Paper Information

Citation: Albergo, M. S., & Vanden-Eijnden, E. (2023). Building Normalizing Flows with Stochastic Interpolants. The Eleventh International Conference on Learning Representations.

Publication: ICLR 2023

Additional Resources:

What kind of paper is this?

This is primarily a Method paper ($\Psi_{\text{Method}}$), with significant Theory ($\Psi_{\text{Theory}}$) contributions.

The authors propose a specific algorithm (“InterFlow”) for constructing generative models based on continuous-time normalizing flows. The work is characterized by the derivation of a new training objective (a simple quadratic loss) that bypasses the computational bottlenecks of previous methods. It includes prominent baseline comparisons against state-of-the-art continuous flows (FFJORD, OT-Flow) and diffusion models. The theoretical component establishes the validity of the interpolant density satisfying the continuity equation and bounds the Wasserstein-2 distance of the transport.

What is the motivation?

The primary motivation is to overcome the computational inefficiency of training Continuous Normalizing Flows (CNFs) using Maximum Likelihood Estimation (MLE). Standard CNF training requires backpropagating through numerical ODE solvers, which is costly and limits scalability.

Additionally, while score-based diffusion models (SDEs) have achieved high sample quality, they theoretically require infinite time integration and rely on specific noise schedules. The authors aim to establish a method that works strictly with Probability Flow ODEs on finite time intervals, retaining the flexibility to connect arbitrary densities without the complexity of SDEs or the cost of standard ODE adjoint methods.

What is the novelty here?

The core novelty is the Stochastic Interpolant framework:

  • Explicit Interpolant Construction: Instead of learning the path implicitly, the method defines a time-dependent interpolant $x_t = I_t(x_0, x_1)$ (e.g., trigonometric interpolation) that connects samples from the base density $\rho_0$ and target $\rho_1$.
  • Simulation-Free Training: The velocity field $v_t(x)$ of the probability flow is learned by minimizing a simple quadratic objective: $G(\hat{v}) = \mathbb{E}[|\hat{v}_t(x_t)|^2 - 2\partial_t x_t \cdot \hat{v}_t(x_t)]$. This avoids ODE integration during training entirely.
  • Decoupling Path and Optimization: The choice of path (interpolant) is separated from the optimization of the velocity field, unlike MLE methods where the path and objective are coupled.
  • Connection to Score-Based Models: The authors show that for Gaussian base densities and trigonometric interpolants, the learned velocity field is explicitly related to the score function $\nabla \log \rho_t$, providing a theoretical bridge between CNFs and diffusion models.
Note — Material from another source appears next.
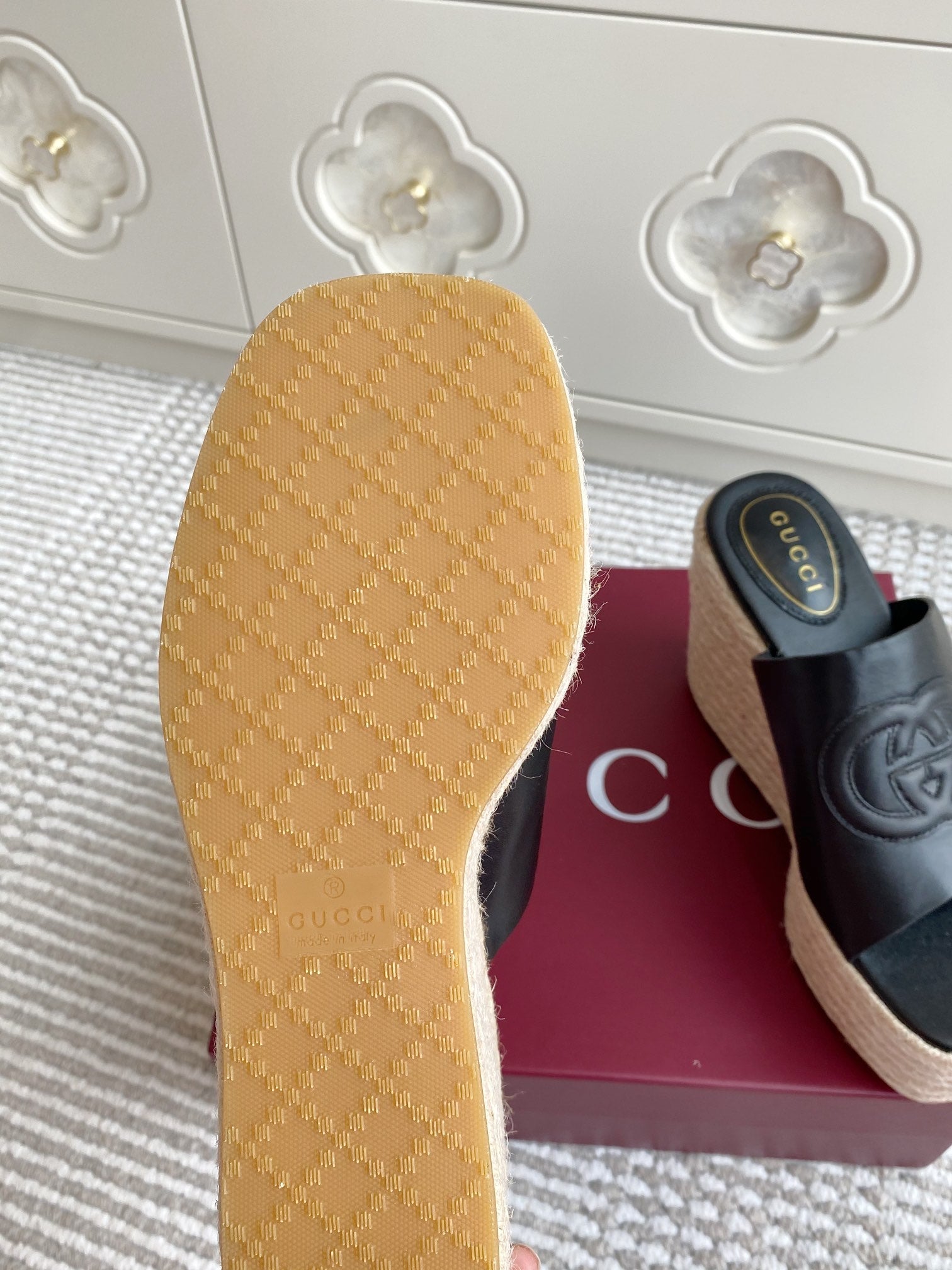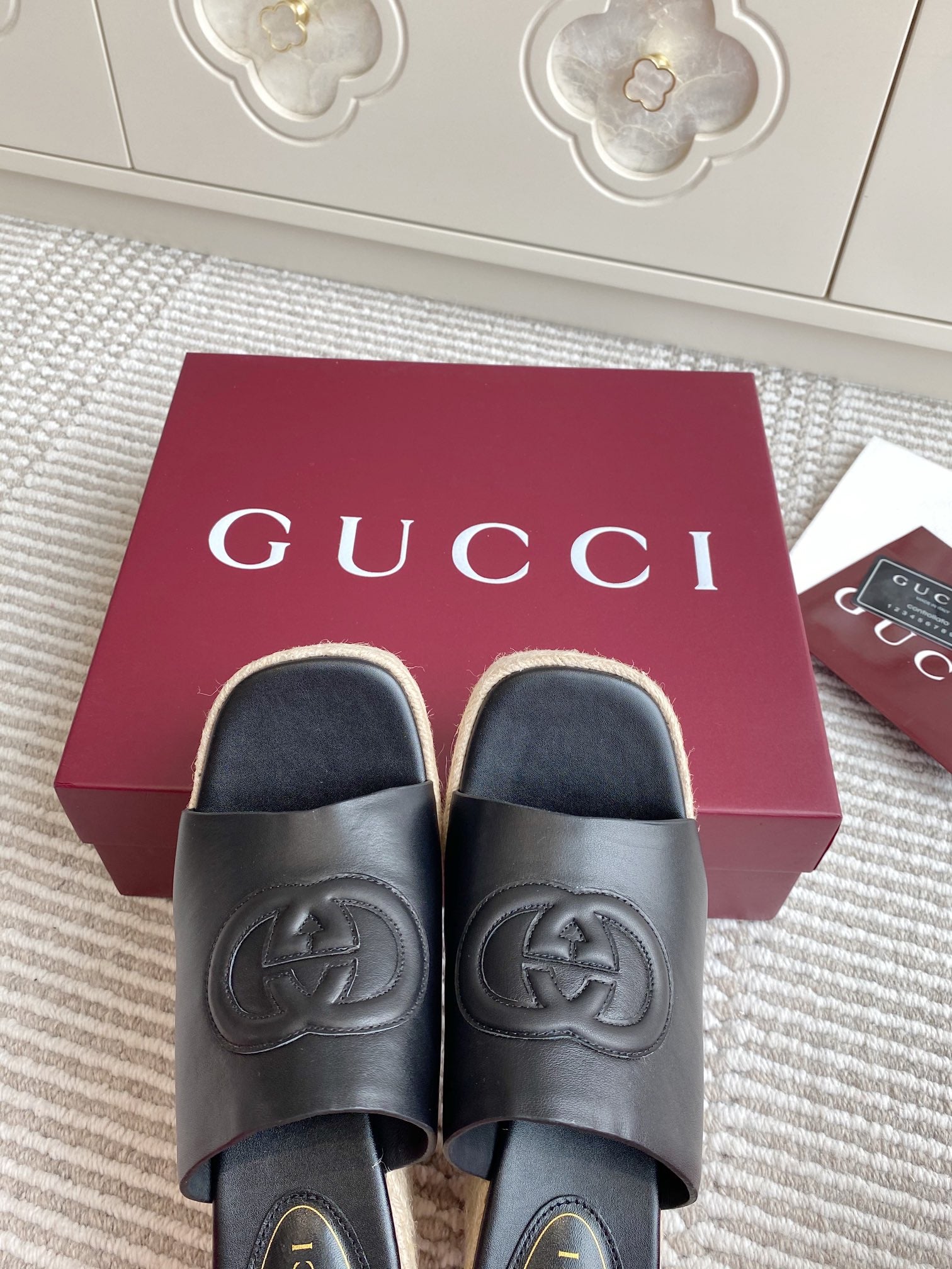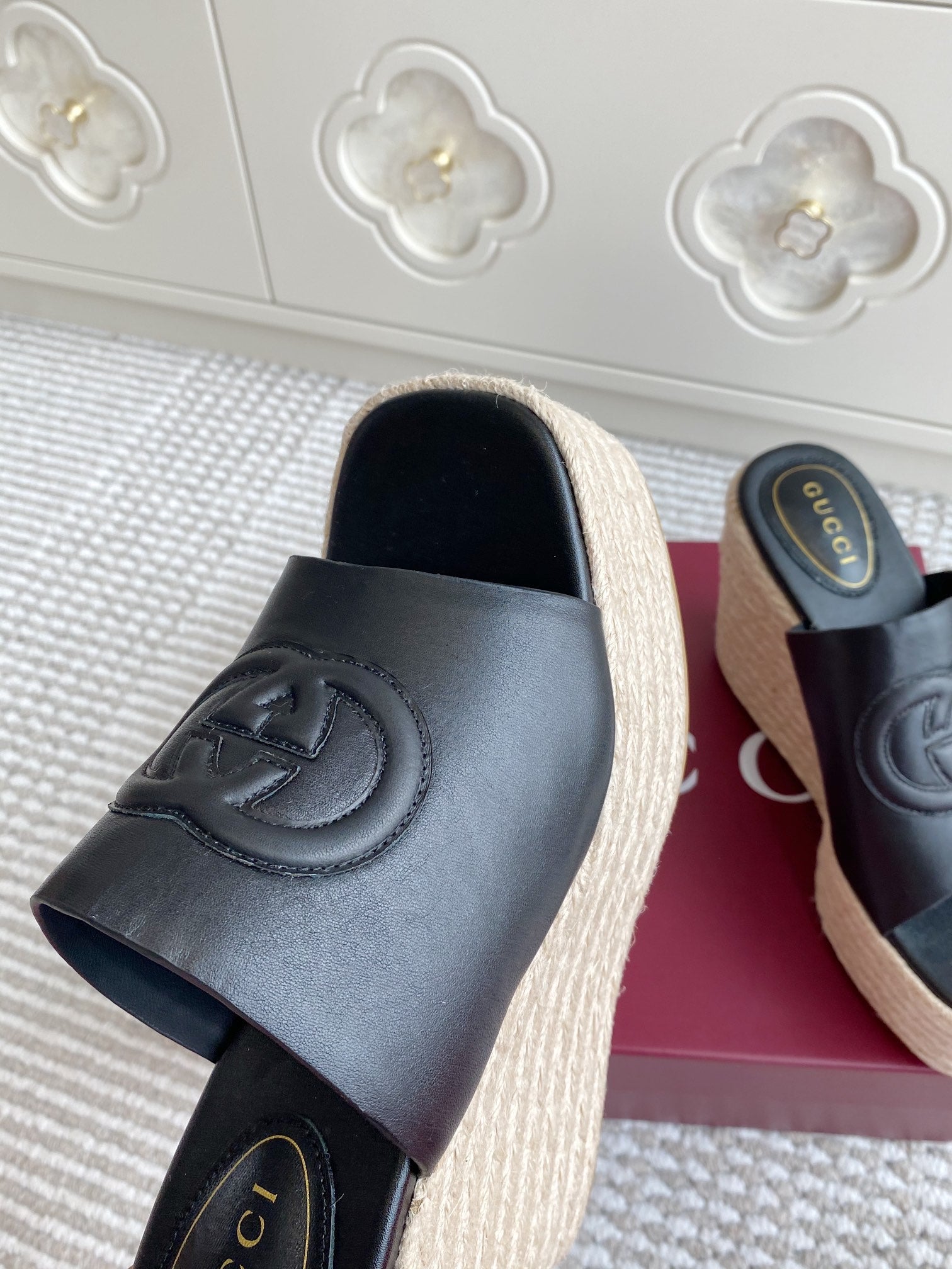 GC 25 Interlocking G Sandal Black Cord Cowhide 291031

What experiments were performed?

The authors performed validation across synthetic, tabular, and image domains:

  • 2D Density Estimation: Benchmarked on “Checkerboard”, “8 Gaussians”, and “Spirals” to visualize mode coverage and transport smoothness.
  • High-Dimensional Tabular Data: Evaluated on standard benchmarks (POWER, GAS, HEPMASS, MINIBOONE, BSDS300) comparing Negative Log Likelihood (NLL) against FFJORD, OT-Flow, and others.
  • Image Generation: Trained models on CIFAR-10 ($32 \times 32$), ImageNet ($32 \times 32$), and Oxford Flowers ($128 \times 128$) to test scalability.
  • Ablations: Investigated optimizing the interpolant path itself (e.g., learning Fourier coefficients for the path) to approach optimal transport and minimize path length.
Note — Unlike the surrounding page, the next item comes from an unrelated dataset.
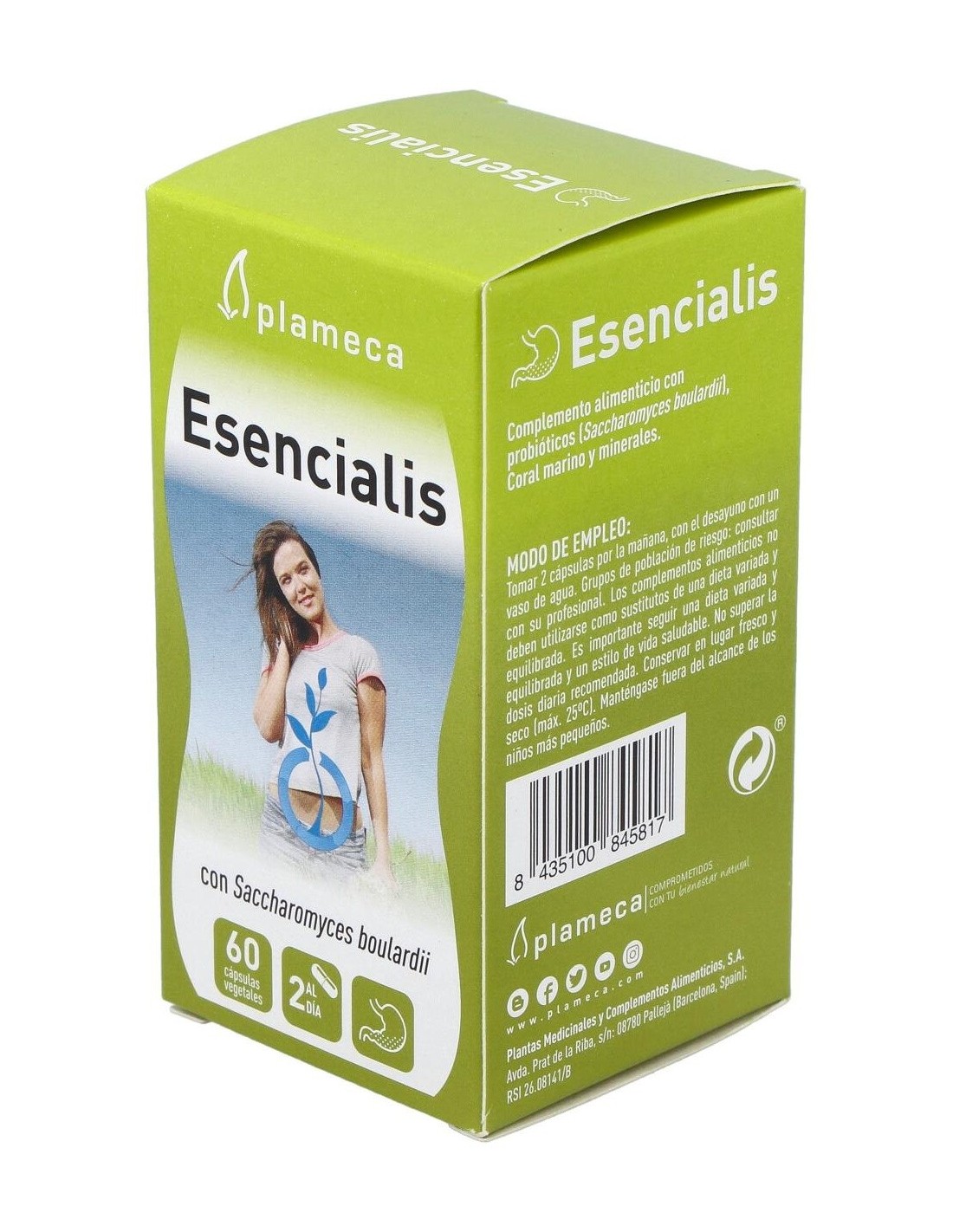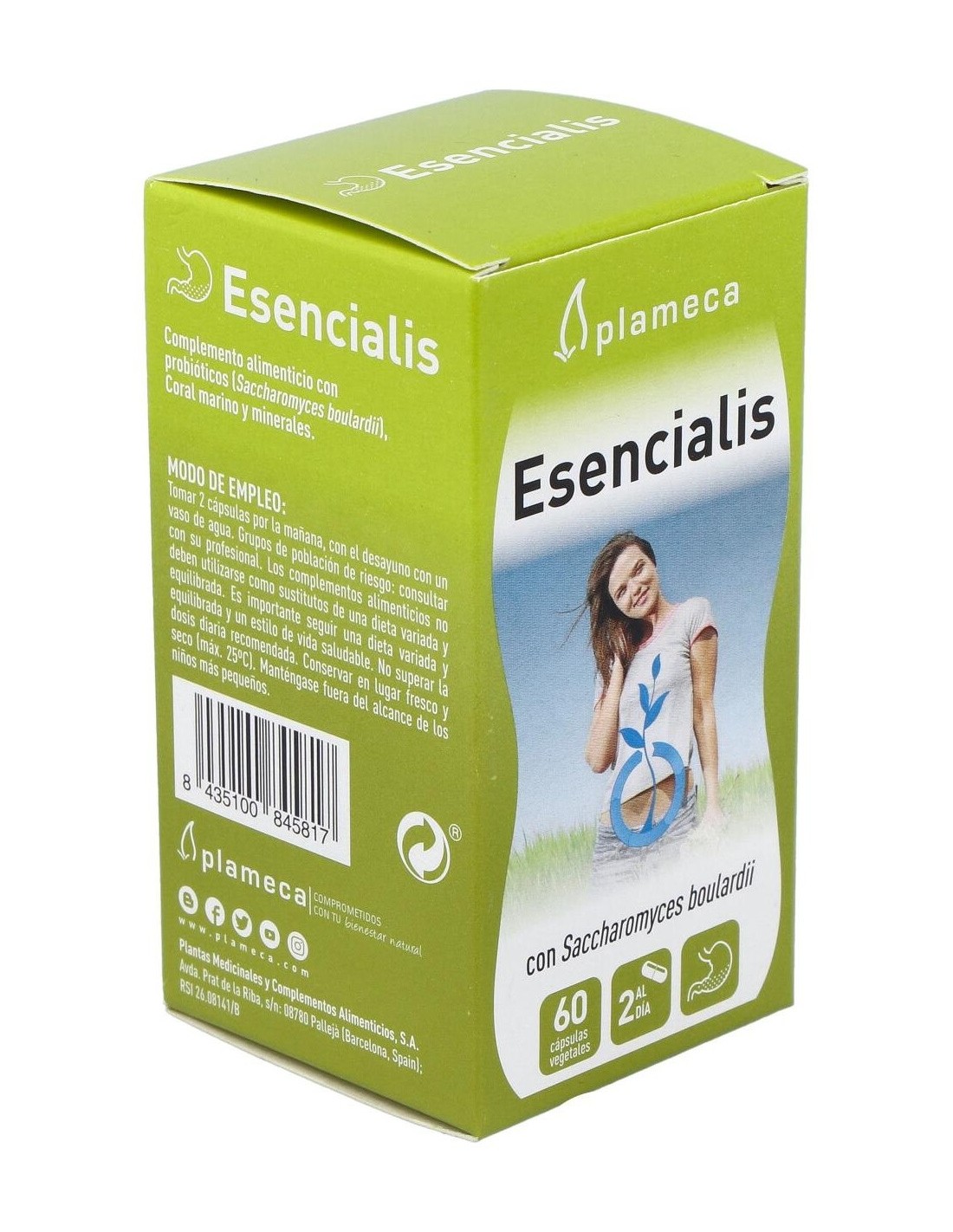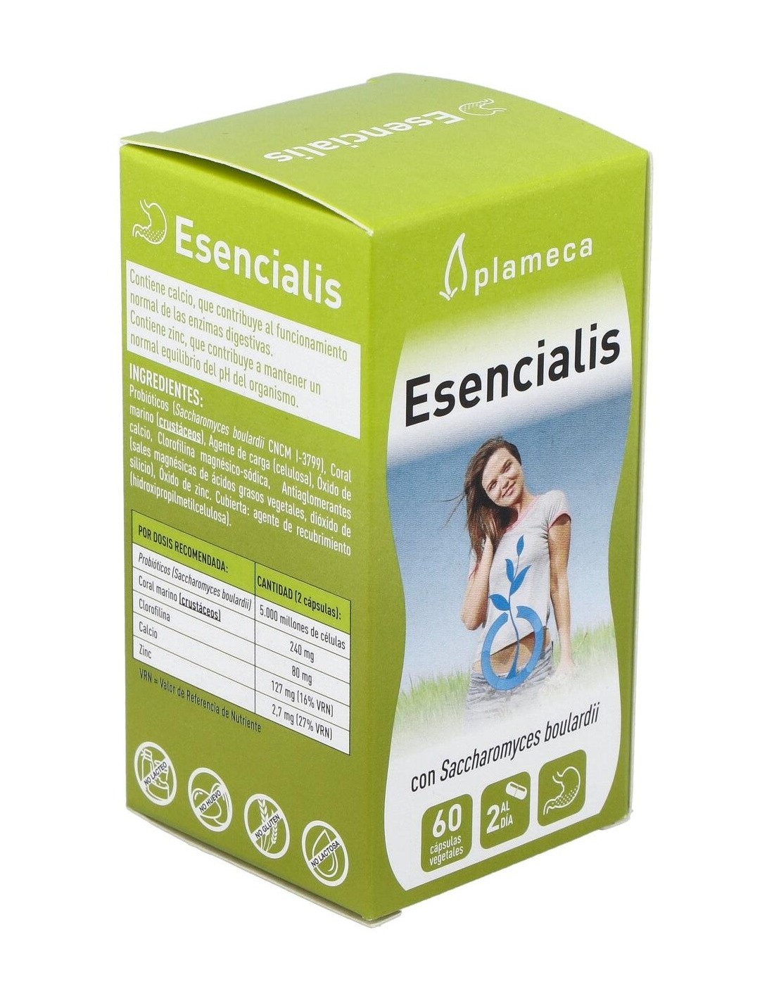 Esencialis es un probiótico reparador intestinal de fórmula novedosa, que cuenta con las ventajas de un probiótico como es el Saccharomyces boulardii, reforzado con la Clorofilina que actúa como detoxificante y reparador de la barrera intestinal y con coral marino como alcalinizante.

What outcomes/conclusions?

  • Performance: The method matches or supersedes conventional ODE flows (like FFJORD) in terms of NLL while being significantly cheaper to train.
  • Efficiency: The training cost per epoch is constant (simulation-free), whereas MLE-based ODE methods see growing costs as the dynamics become more complex.
  • Scalability: The method successfully scales to $128 \times 128$ resolution on a single GPU, a resolution previously unreachable for ab-initio ODE flows.
  • Flexibility: The framework can connect any two arbitrary densities (e.g., connecting two different complex 2D distributions) without needing one to be Gaussian.
  • Optimal Transport: Maximizing the objective over the choice of interpolant yields a solution to the Benamou-Brenier optimal transport problem.

Reproducibility Details

Data

  • Tabular Datasets: POWER (6D), GAS (8D), HEPMASS (21D), MINIBOONE (43D), BSDS300 (63D).
    • Training points range from ~30k (MINIBOONE) to ~1.6M (POWER).
  • Image Datasets:
    • CIFAR-10 ($32 \times 32$, 50k training points).
    • ImageNet ($32 \times 32$, ~1.28M training points).
    • Oxford Flowers ($128 \times 128$, ~315k training points).
  • Time Sampling: Time $t$ is sampled from a Beta distribution during training (reweighting) to focus learning near the target.

Algorithms

  • Interpolant: The primary interpolant used is trigonometric: $I_t(x_0, x_1) = \cos(\frac{\pi t}{2})x_0 + \sin(\frac{\pi t}{2})x_1$.
    • Alternative linear interpolant: $I_t = a_t x_0 + b_t x_1$.
  • Loss Function: $$G(\hat{v}) = \mathbb{E}_{t, x_0, x_1}[|\hat{v}_t(x_t)|^2 - 2\partial_t I_t(x_0, x_1) \cdot \hat{v}_t(x_t)]$$
    • The expectation is amenable to empirical estimation using batches of $x_0, x_1, t$.
  • Sampling: Numerical integration using Dormand-Prince (Runge-Kutta 4/5).
  • Optimization: SGD/Adam variants used for optimization.

Models

  • Tabular Architectures:
    • Feed-forward networks with 3-5 hidden layers.
    • Hidden widths: 512-1024 units.
    • Activation: ReLU (general) or ELU (BSDS300).
  • Image Architectures:
    • U-Net based on the DDPM implementation.
    • Dimensions: 256 hidden dimension.
    • Sinusoidal time embeddings used.

Evaluation

  • Metrics: Negative Log Likelihood (NLL) in nats or bits/dim (BPD), Frechet Inception Distance (FID) for images.
  • Baselines: FFJORD, Glow, Real NVP, OT-Flow, ScoreFlow, DDPM.

Hardware

  • Compute: All models were trained on a single NVIDIA A100 GPU.
  • Training Time:
    • Tabular: $10^5$ steps.
    • Images: $1.5 \times 10^5$ to $6 \times 10^5$ steps.
    • Speedup: Demonstrated ~400x speedup compared to FFJORD on MiniBooNE dataset.

Citation

@inproceedings{albergoBuildingNormalizingFlows2022,
  title = {Building {{Normalizing Flows}} with {{Stochastic Interpolants}}},
  booktitle = {The {{Eleventh International Conference}} on {{Learning Representations}}},
  author = {Albergo, Michael Samuel and {Vanden-Eijnden}, Eric},
  year = 2023,
  url = {https://openreview.net/forum?id=li7qeBbCR1t}
}